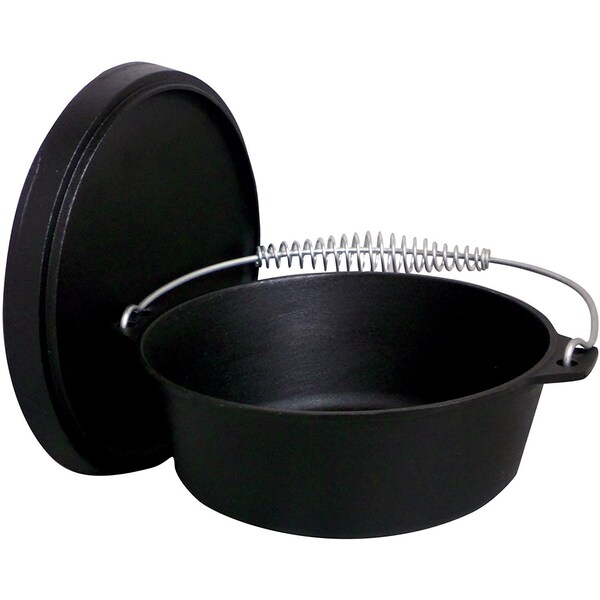 Great for use at the campsite or in the kitchen! King Kooker 12 quart cast iron dutch oven and lid. Cast iron construction allows for even heat distribution, eliminating cold spots. Wonderful for soups, stews, chili, jambalaya and gumbo! Excellent for roasting and frying! Pre-seasoned and ready to cook!
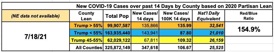 Now that it's become crystal clear that there's a massive discrepancy between the blue and red counties when it comes to COVID-19 vaccination rates, combined with the fact that the much more dangerous Delta variant has now become the dominant version of COVID spreading across the U.S., I decided it was time to revisit the county-level case data to see if that huge Blue/Red vaccination divide is showing up in newer cases.
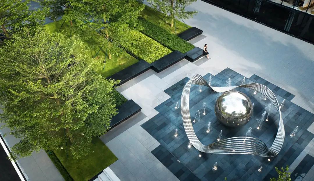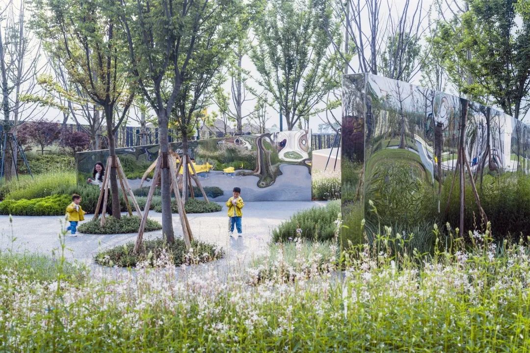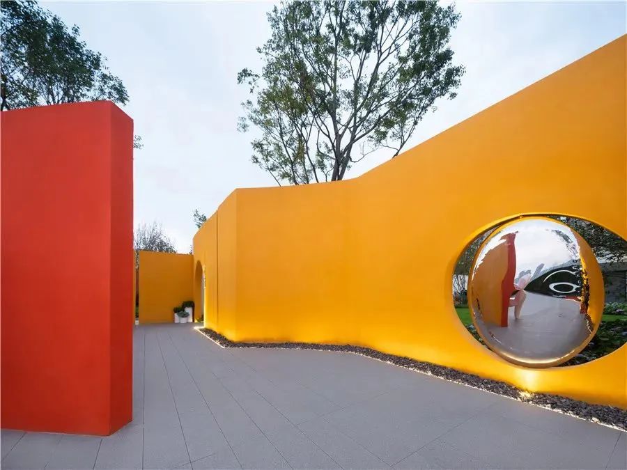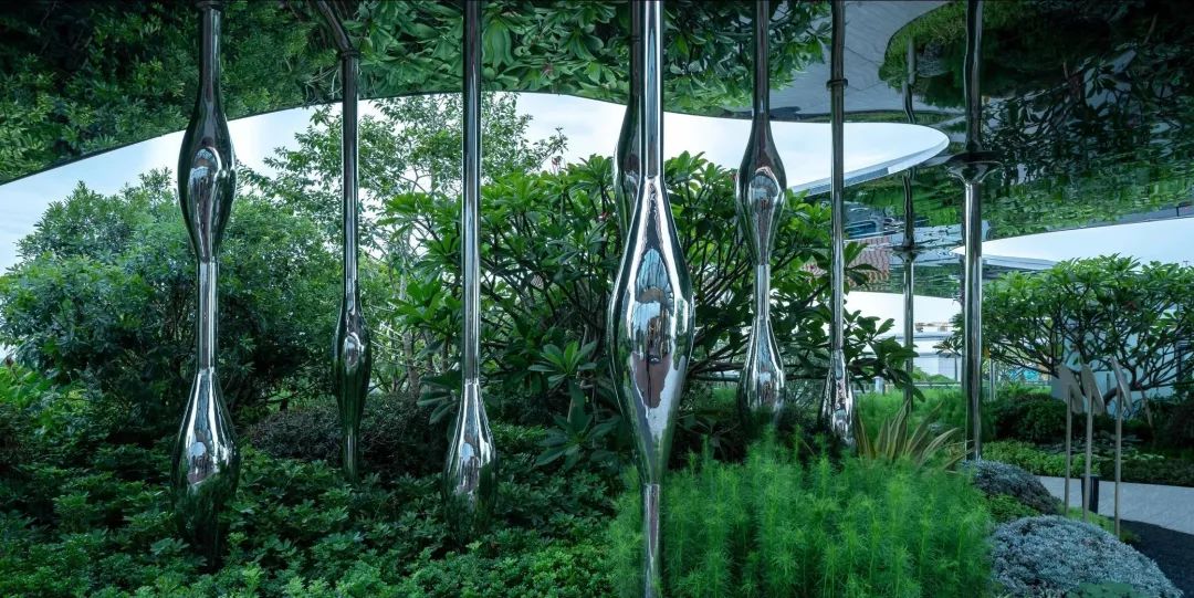 镜面材料在形态、质感、色彩等元素上极具表现力,将其运用到景观上往往带着强烈的装饰性。

What is expected: Excluding the pictures, retype the line containing "Now that it's" and all lines after it down to the end of the data above.

Finished exercise:
 Now that it's become crystal clear that there's a massive discrepancy between the blue and red counties when it comes to COVID-19 vaccination rates, combined with the fact that the much more dangerous Delta variant has now become the dominant version of COVID spreading across the U.S., I decided it was time to revisit the county-level case data to see if that huge Blue/Red vaccination divide is showing up in newer cases.
 镜面材料在形态、质感、色彩等元素上极具表现力,将其运用到景观上往往带着强烈的装饰性。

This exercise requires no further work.